N-acetylcysteine alleviates fine particulate matter (PM2.5)-induced lung injury by attenuation of ROS-mediated recruitment of neutrophils and Ly6Chigh monocytes and lung inflammation

Background: Exposure to particulate matter (PM) may contribute to lung inflammation and injury. The therapeutic effect of N-acetylcysteine (NAC), a well-known antioxidant, with regards to the prevention and treatment of fine PM (PM2.5)-induced lung injury is poorly understood. This study aimed to determine the effect of PM2.5 on the recruitment of neutrophils and Ly6C(high) monocytes into lung alveoli and the production of proinflammatory proteins by stimulating the generation of reactive oxygen species (ROS), and to investigate the therapeutic effect of NAC on PM2.5-induced lung injury. Methods: C57BL/6 mice were exposed to a single administration of PM2.5 (200 mu g/100 mu l/mouse) or phosphate-buffered saline (control) via intratracheal instillation. The mice were injected intratracheally via a microsprayer aerosolizer with NAC (20 or 40 mg/kg) 1 h before PM2.5 instillation and 24 h after PM2.5 instillation. Total protein, VEGF, IL-6, and TNF-alpha in bronchoalveolar lavage fluid (BALF) were measured. Oxidative stress was evaluated by determining levels of malondialdehyde (MDA) and nitrite in BALF. Flow cytometric analysis was used to identify and quantify neutrophils and Ly6C(high) and Ly6C(low) monocyte subsets. Results: Neutrophil count, total protein, and VEGF content in BALF significantly increased after PM2.5 exposure and reached the highest level on day 2. Increased levels of TNF-alpha, IL-6, nitrite, and MDA in BALF were also noted. Flow cytometric analysis showed increased recruitment of neutrophils and Ly6C(high), but not Ly6C(low) monocytes, into lung alveoli. Treatment with NAC via the intratracheal spray significantly attenuated the recruitment of neutrophils and Ly6C(high) monocytes into lung alveoli in PM2.5-treated mice in a dose-dependent manner. Furthermore, NAC significantly attenuated the production of total protein, VEGF, nitrite, and MDA in the mice with PM2.5-induced lung injury in a dose-dependent manner.
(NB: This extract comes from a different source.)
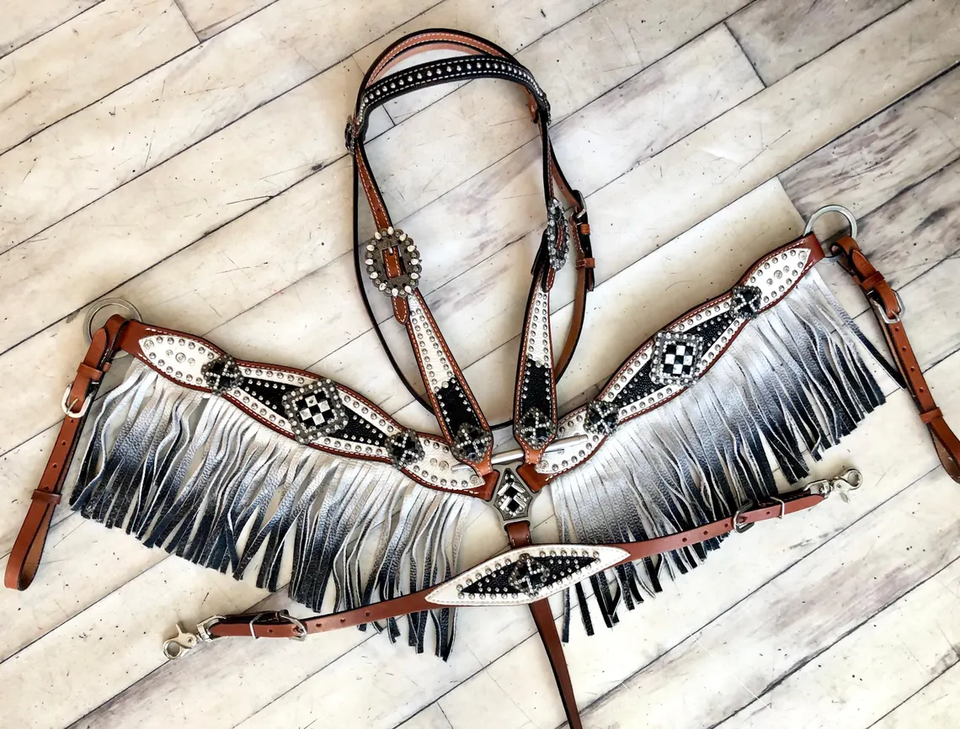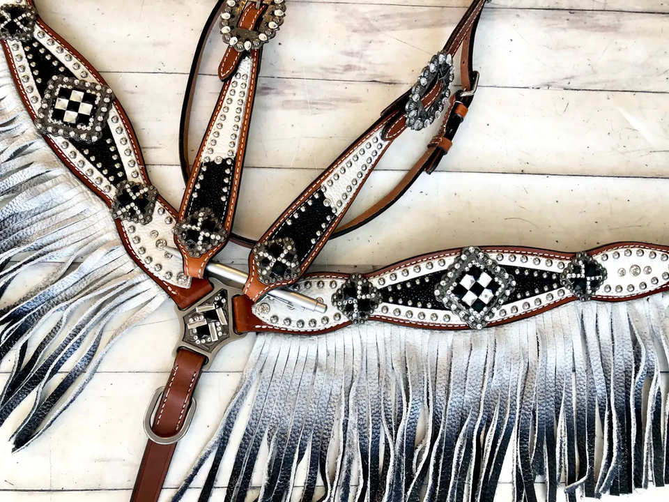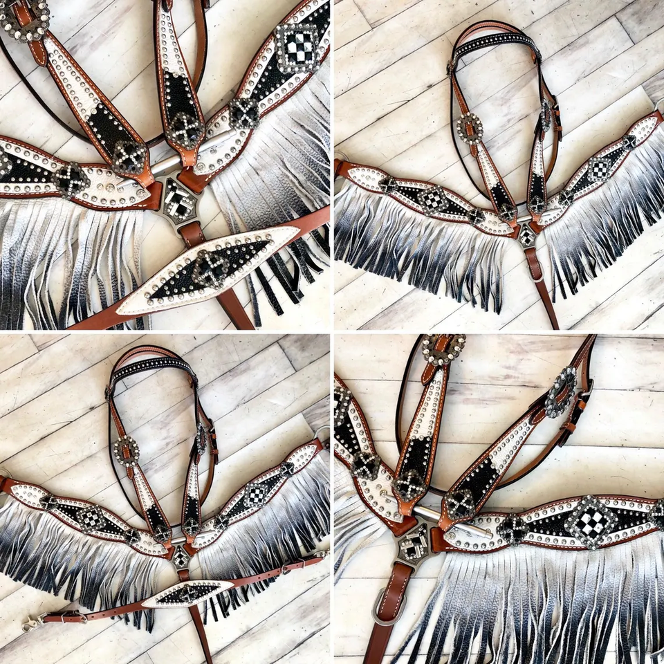 EquiElite Exports - Juego de arreos de cuero con diseño de cuadros en blanco y negro, con conchos y bordes festoneados, para caballo occidental, cabezada, pechera, personalizado

Conclusion: PM2.5-induced lung injury caused by the generation of oxidative stress led to the recruitment of neutrophils and Ly6C(high) monocytes, and production of inflammatory proteins. NAC treatment alleviated PM2.5 induced lung injury by attenuating the ROS-mediated recruitment of neutrophils and Ly6C(high) monocytes and lung inflammation.

Automated summary

This study found that PM2.5-induced lung injury is caused by oxidative stress leading to the recruitment of neutrophils and Ly6C(high) monocytes, and production of inflammatory proteins. Treatment with NAC alleviated PM2.5 induced lung injury by attenuating the ROS-mediated recruitment of neutrophils and Ly6C(high) monocytes and lung inflammation.